| RECORDS SHOWN |
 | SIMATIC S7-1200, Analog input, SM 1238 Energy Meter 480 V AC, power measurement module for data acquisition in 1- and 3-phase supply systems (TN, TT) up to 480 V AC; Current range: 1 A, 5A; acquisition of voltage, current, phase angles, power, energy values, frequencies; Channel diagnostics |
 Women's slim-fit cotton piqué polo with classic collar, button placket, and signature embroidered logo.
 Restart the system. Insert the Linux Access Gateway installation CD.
--
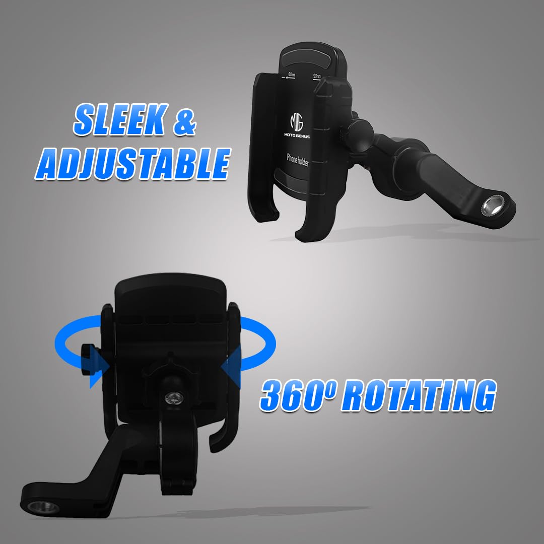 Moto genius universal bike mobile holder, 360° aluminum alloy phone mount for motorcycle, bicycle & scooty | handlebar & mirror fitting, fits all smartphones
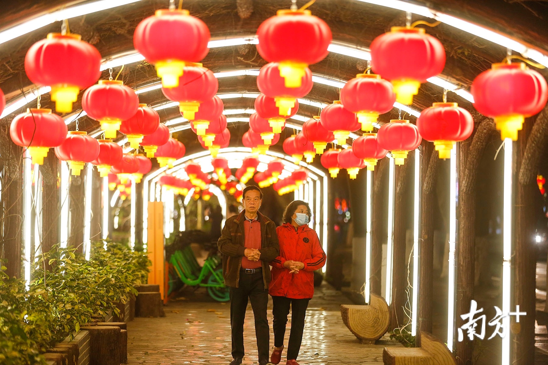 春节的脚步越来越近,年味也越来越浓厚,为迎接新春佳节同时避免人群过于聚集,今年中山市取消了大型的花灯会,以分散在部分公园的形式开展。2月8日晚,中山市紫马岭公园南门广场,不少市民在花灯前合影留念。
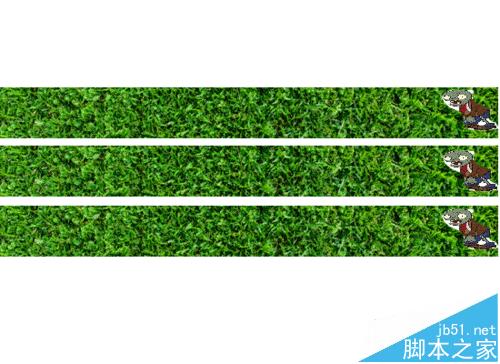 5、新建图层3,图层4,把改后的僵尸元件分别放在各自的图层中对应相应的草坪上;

| WHAT THE EXERCISE ASKS |
An exact, complete copy of the lines above from the one with "Channel diagnostics |" through the one with "Restart the system." is the whole answer.

| ANSWER TO THIS EXERCISE |
 | SIMATIC S7-1200, Analog input, SM 1238 Energy Meter 480 V AC, power measurement module for data acquisition in 1- and 3-phase supply systems (TN, TT) up to 480 V AC; Current range: 1 A, 5A; acquisition of voltage, current, phase angles, power, energy values, frequencies; Channel diagnostics |
 Women's slim-fit cotton piqué polo with classic collar, button placket, and signature embroidered logo.
 Restart the system. Insert the Linux Access Gateway installation CD.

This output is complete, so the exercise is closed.